__WORK ITEM__. Below are records to retype exactly, except for the pictures.

### MATERIAL TO PROCESS ###

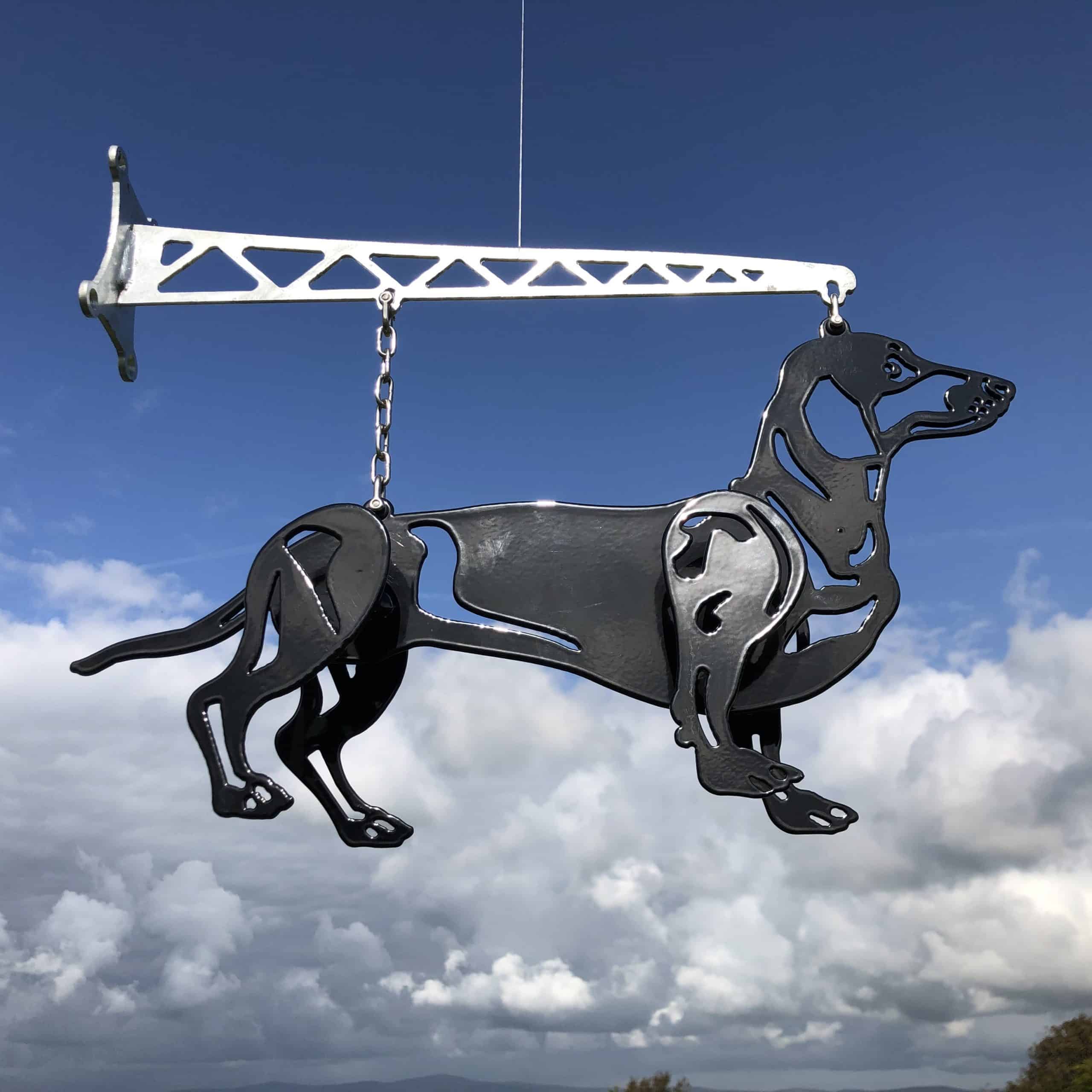 Our 3D Dachshund is a CNC profile cut out of mild steel that is shot blasted clean, powder coated with Zinc oxide and then coated with a black powder.
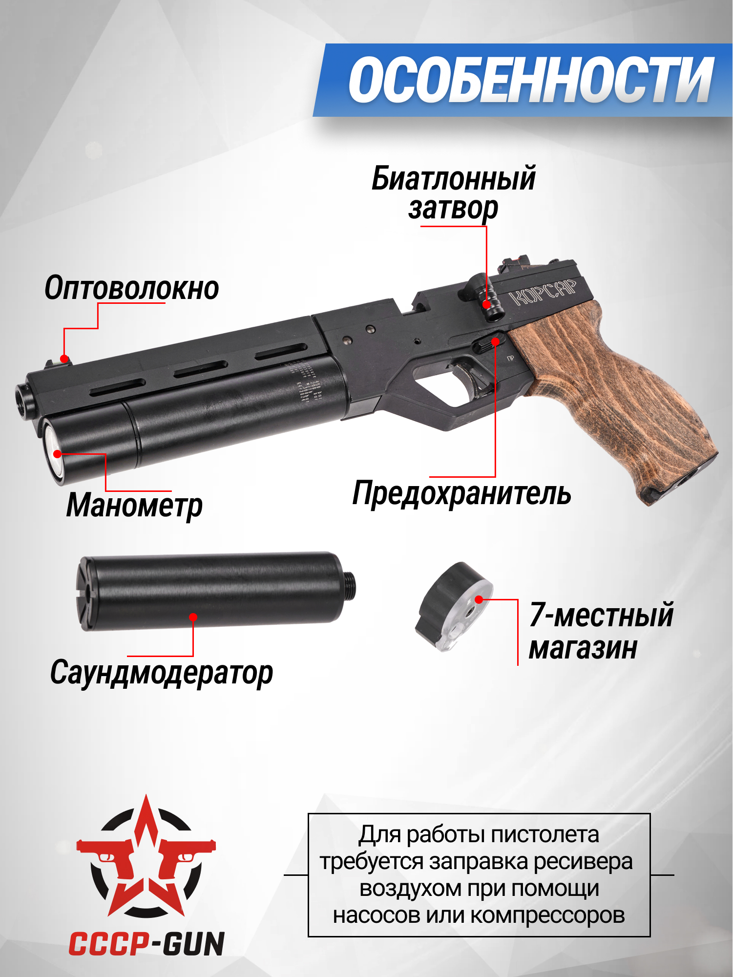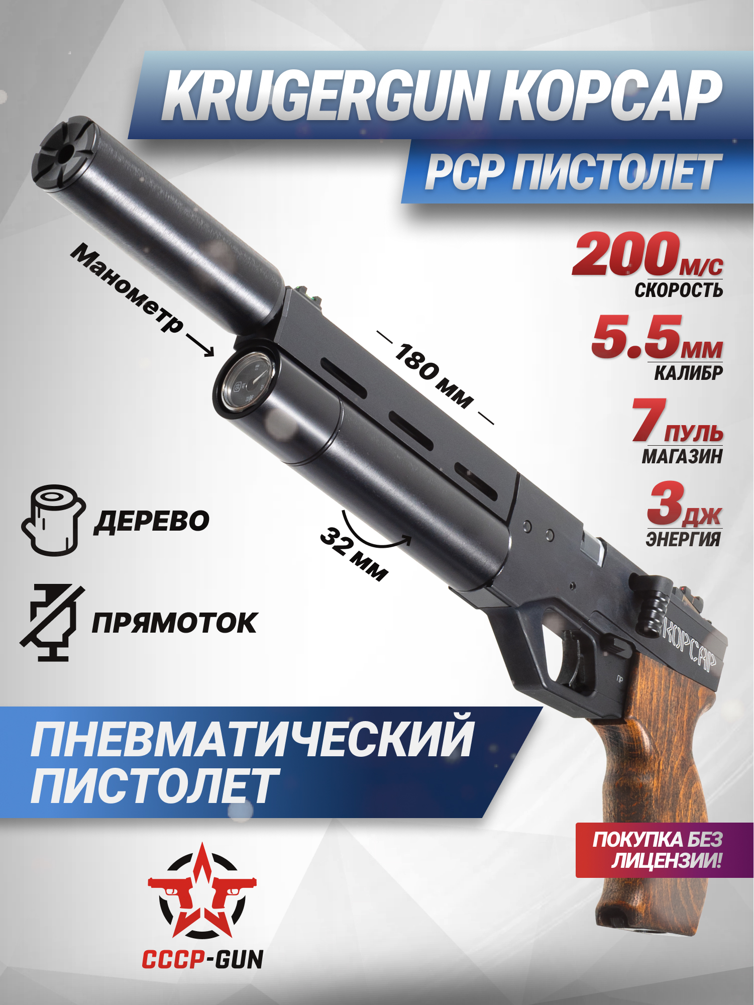 Чтобы сохранить возможность приобретать пневматический пистолет KrugerGun Корсар 5.5 мм без лицензии, изготовитель ограничивает его дульную энергию выстрела на значении не выше трех Джоулей, требуемом российским законодательством. Однако отмечается, что усиленные версии исполнения пневматики способны демонстрировать скорость движения пулевого снаряда в полете выше двухсот метров в секунду.
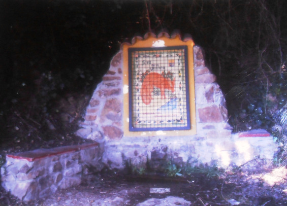 Construcció tota de pedra, amb una aixeta de polsador, per on surt l’aigua que cau a una pica d’obra arrebossada.
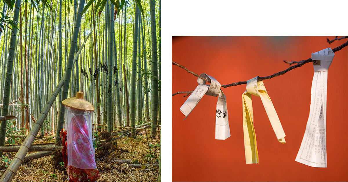 «Они спрашивают, можно ли вас сфотографировать», – Мари-сан, красивая пожилая японка, объясняет, почему за пару минут вокруг меня образовалась ликующая толпа. Вот уж не думала, что, приехав в Японию, стану объектом пристального внимания. Это мне, гайдзину (сокращенное гайко-кудзин – «иностранец»), положено охотиться за экзотикой и без устали щелкать затвором, а вместо этого приходится позировать группе незнакомых людей, будучи одетой в точную копию кимоно придворной дамы эпохи Хэйан (VIII–XII вв. – Прим. HB), и чувствовать себя немного медведем на ярмарке. Впрочем, бурная реакция общественности быстро отходит на второй план, уступая место вопросам куда более насущным. Например, как передвигаться – и желательно хотя бы с минимальным изяществом – в деревянных сандалиях гэта. После такого забег на шпильках по брусчатке покажется лечебной физкультурой. Или вот еще любопытный кейс: нести на себе около семи килограммов плотной ткани, которую мы минут двадцать старательно драпировали с двумя помощницами. Сразу стало понятно, почему этот костюм называли дзюни-хитоэ, «двенадцатислойный». В магазине в местечке Даймонзака, куда нас привезли на импровизированную хэйан-фотосессию, такие расшитые грациозными журавлями и нежнейшей сакурой наряды можно взять напрокат. Хозяйка Тэруэ Миямото на прощание одаривает меня улыбкой: «Ну вот, теперь вы почувствовали, какая это тяжелая работа – быть японкой». Тэруэ недавно исполнилось 90, и она точно знает, о чем говорит.
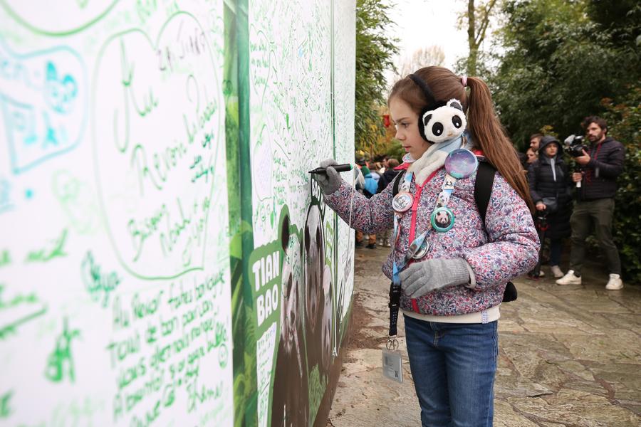 A girl leaves her blessing message on a billboard for giant pandas at the Pairi Daiza zoo in Brugelette, Belgium, Nov. 10, 2024. (Xinhua/Zhao Dingzhe)
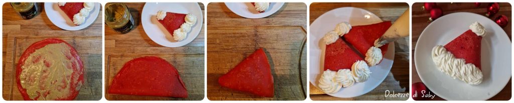 The filling for your Santa’s hat crepes can obviously vary as you like, hazelnut cream, custard, speculoos cream… all will be perfect for this recipe.
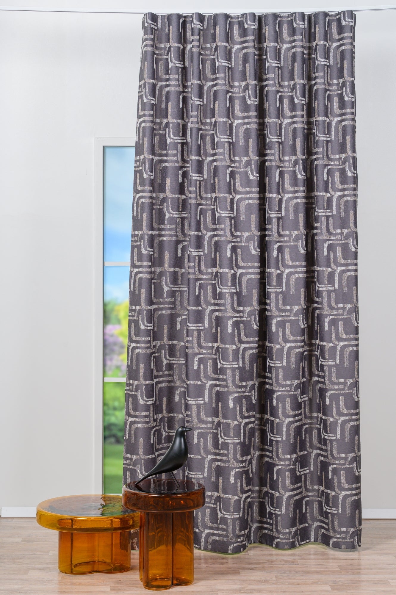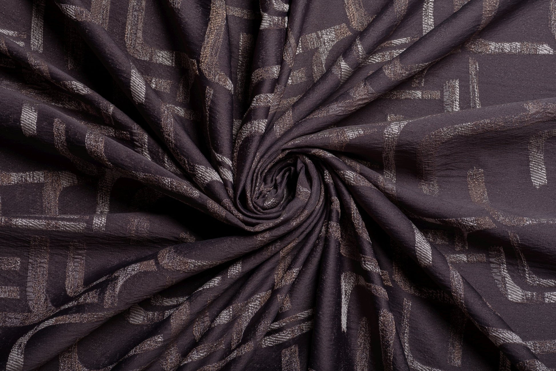 Decor Arathis, Gri Inchis, este o draperie din material jacquard cu un aspect sidefat și un model abstract în stil geometric, ideală pentru interioarele urbane și moderne.

###

__RESULT__.
 Our 3D Dachshund is a CNC profile cut out of mild steel that is shot blasted clean, powder coated with Zinc oxide and then coated with a black powder.
 Чтобы сохранить возможность приобретать пневматический пистолет KrugerGun Корсар 5.5 мм без лицензии, изготовитель ограничивает его дульную энергию выстрела на значении не выше трех Джоулей, требуемом российским законодательством. Однако отмечается, что усиленные версии исполнения пневматики способны демонстрировать скорость движения пулевого снаряда в полете выше двухсот метров в секунду.
 Construcció tota de pedra, amb una aixeta de polsador, per on surt l’aigua que cau a una pica d’obra arrebossada.
 «Они спрашивают, можно ли вас сфотографировать», – Мари-сан, красивая пожилая японка, объясняет, почему за пару минут вокруг меня образовалась ликующая толпа. Вот уж не думала, что, приехав в Японию, стану объектом пристального внимания. Это мне, гайдзину (сокращенное гайко-кудзин – «иностранец»), положено охотиться за экзотикой и без устали щелкать затвором, а вместо этого приходится позировать группе незнакомых людей, будучи одетой в точную копию кимоно придворной дамы эпохи Хэйан (VIII–XII вв. – Прим. HB), и чувствовать себя немного медведем на ярмарке. Впрочем, бурная реакция общественности быстро отходит на второй план, уступая место вопросам куда более насущным. Например, как передвигаться – и желательно хотя бы с минимальным изяществом – в деревянных сандалиях гэта. После такого забег на шпильках по брусчатке покажется лечебной физкультурой. Или вот еще любопытный кейс: нести на себе около семи килограммов плотной ткани, которую мы минут двадцать старательно драпировали с двумя помощницами. Сразу стало понятно, почему этот костюм называли дзюни-хитоэ, «двенадцатислойный». В магазине в местечке Даймонзака, куда нас привезли на импровизированную хэйан-фотосессию, такие расшитые грациозными журавлями и нежнейшей сакурой наряды можно взять напрокат. Хозяйка Тэруэ Миямото на прощание одаривает меня улыбкой: «Ну вот, теперь вы почувствовали, какая это тяжелая работа – быть японкой». Тэруэ недавно исполнилось 90, и она точно знает, о чем говорит.
 A girl leaves her blessing message on a billboard for giant pandas at the Pairi Daiza zoo in Brugelette, Belgium, Nov. 10, 2024. (Xinhua/Zhao Dingzhe)
 The filling for your Santa’s hat crepes can obviously vary as you like, hazelnut cream, custard, speculoos cream… all will be perfect for this recipe.
 Decor Arathis, Gri Inchis, este o draperie din material jacquard cu un aspect sidefat și un model abstract în stil geometric, ideală pentru interioarele urbane și moderne.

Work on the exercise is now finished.